Monday, January 19, 2009

With certain unalienable Rights

I have an etymology calendar on my desk, and today's word is freedom. The author makes a serious mistake in writing, "'Liberty' … also means 'free' but in the sense of rights granted rather than any innate quality."

Liberty carries its natural-rights sense as used by enlightenment thinkers such as Locke and Bastiat, viz., government is the servant of free people and not their master.

For a contemporary example, consider Ron Paul who wrote (with emphasis added), "Democracy represented unlimited rule by an omnipotent majority, while a constitutionally limited republic was seen as the best system to preserve liberty. Inalienable individual liberties enshrined in the Bill of Rights would be threatened by the 'excesses of democracy.'"

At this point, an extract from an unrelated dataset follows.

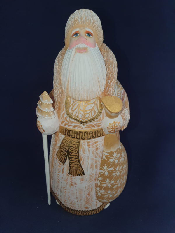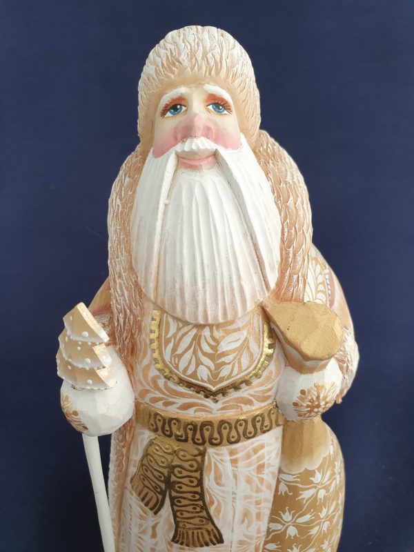 Joli père Noël blanc et or avec de magnifiques dessins en reflets sur son manteau.

In 1943, the U.S. supreme court declared, "One's right to life, liberty, and property, to free speech, a free press, freedom of worship and assembly, and other fundamental rights may not be submitted to vote; they depend on the outcome of no elections."

Thomas Jefferson took an even more radical position: "Rightful liberty is unobstructed action according to our will within limits drawn around us by the equal rights of others. I do not add 'within the limits of the law,' because law is often but the tyrant's will, and always so when it violates the rights of the individual."

The tenth amendment to the U.S. constitution (so-called these days) makes plain that the federal government is not the source of the people's rights, and this in turn is consistent with the Declaration's connection of government's just powers to "the consent of the governed."